**WORK ITEM:** Omit the pictures. Transcribe exactly the lines below, from the one with "Nastro in vera" up to and including the last.

**DATASET SECTION:**
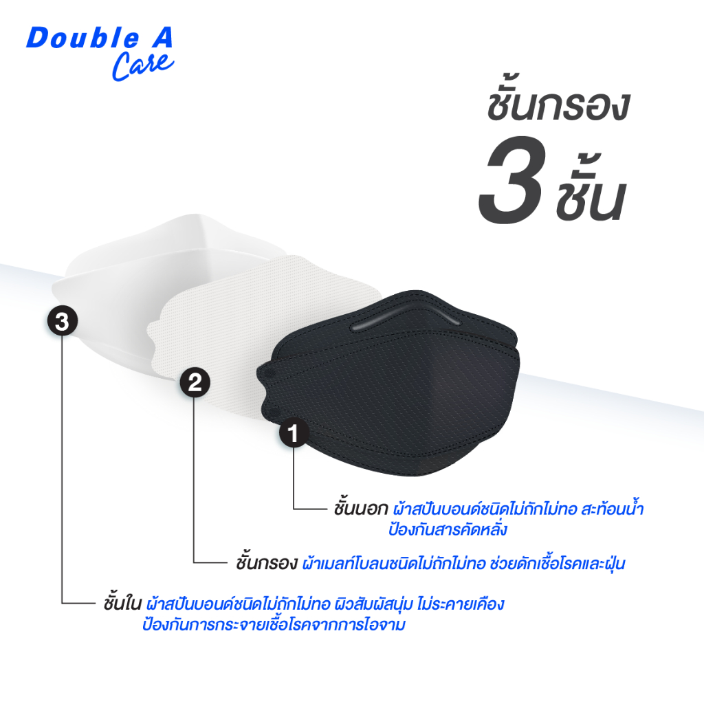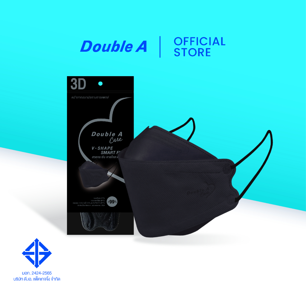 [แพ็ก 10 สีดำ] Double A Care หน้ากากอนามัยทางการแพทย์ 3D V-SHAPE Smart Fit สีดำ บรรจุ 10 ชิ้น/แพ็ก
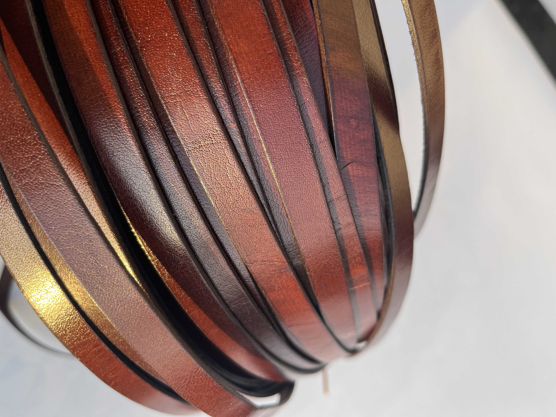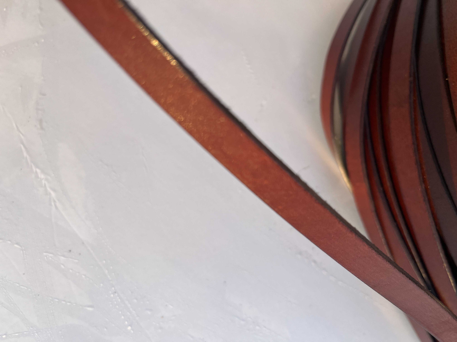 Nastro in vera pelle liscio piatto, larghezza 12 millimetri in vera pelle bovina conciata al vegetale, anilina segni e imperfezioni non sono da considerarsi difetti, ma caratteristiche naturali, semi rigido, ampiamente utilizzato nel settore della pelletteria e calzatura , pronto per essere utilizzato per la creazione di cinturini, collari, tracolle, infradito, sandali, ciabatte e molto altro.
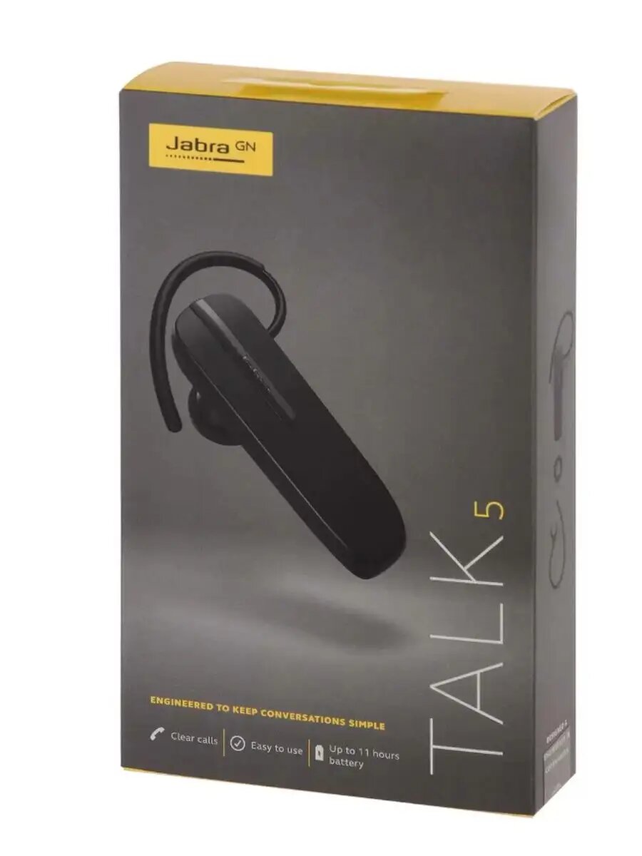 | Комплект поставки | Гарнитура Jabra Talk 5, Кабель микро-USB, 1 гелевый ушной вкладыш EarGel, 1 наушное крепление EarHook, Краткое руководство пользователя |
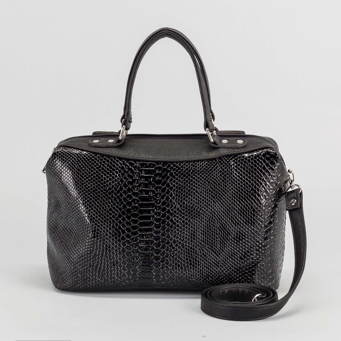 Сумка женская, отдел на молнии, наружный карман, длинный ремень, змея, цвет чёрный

**ANSWER BOX:**
 Nastro in vera pelle liscio piatto, larghezza 12 millimetri in vera pelle bovina conciata al vegetale, anilina segni e imperfezioni non sono da considerarsi difetti, ma caratteristiche naturali, semi rigido, ampiamente utilizzato nel settore della pelletteria e calzatura , pronto per essere utilizzato per la creazione di cinturini, collari, tracolle, infradito, sandali, ciabatte e molto altro.
 | Комплект поставки | Гарнитура Jabra Talk 5, Кабель микро-USB, 1 гелевый ушной вкладыш EarGel, 1 наушное крепление EarHook, Краткое руководство пользователя |
 Сумка женская, отдел на молнии, наружный карман, длинный ремень, змея, цвет чёрный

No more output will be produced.